Homogeneous scheduling flexibility: any GPU job can land on any GPU node without hardware-family constraints. This allows the scheduler to pack performance-sensitive jobs onto uncapped nodes efficiently.
Throughput preserved: the 25% performance-affinity ratio means 75% of jobs tolerate eco nodes. With ~16 performance nodes and ~25 eco nodes, there is ample capacity for performance-sensitive jobs on uncapped nodes.
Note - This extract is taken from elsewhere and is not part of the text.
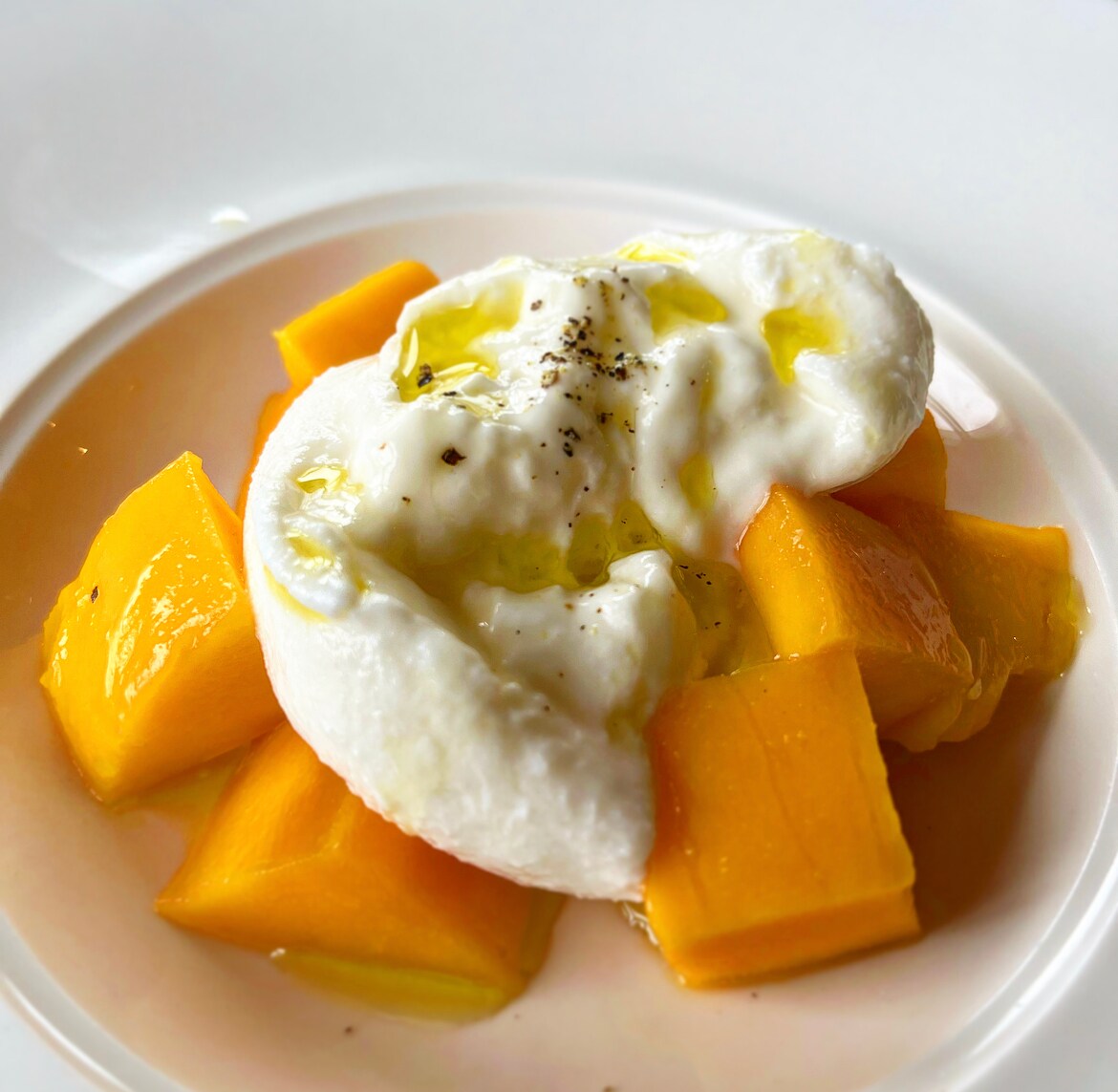 めちゃくちゃ美味しい無農薬マンゴーとモッツァレラチーズに生クリームを包んだブラータチーズの共演✨

Why does C outperform B significantly?

Queue-aware (C) achieves -10.6% vs B’s -8.2% by dynamically adjusting the HP node count. During periods of low performance-sensitive demand, it reduces HP nodes below the static 40% allocation, putting more nodes into eco profile. On a 500-job sustained workload, demand fluctuations create windows where queue-aware can temporarily increase eco coverage.

Homogeneous vs heterogeneous comparison

Metric	Exp 02 (heterogeneous)	Exp 03 (homogeneous)
GPU count	188 (5 families)	264 (all H100 NVL)
B energy delta	-6.2%	-8.2%
C energy delta	-6.3%	-10.6%
Throughput delta	~0%	~0%

The homogeneous cluster achieves deeper savings because: (1) more GPUs are affected by capping, and (2) the uniform hardware allows queue-aware to exploit demand fluctuations more effectively.

Best-fit use case

Joulie achieves -8.2% energy (static) / -10.6% energy (queue-aware) on homogeneous H100 NVL clusters with zero throughput impact.
queue_aware_v1 outperforms static_partition by 2.4 percentage points, making it the recommended policy for GPU-heavy clusters.
The key enabler is GPU power cap control at 65% on eco nodes.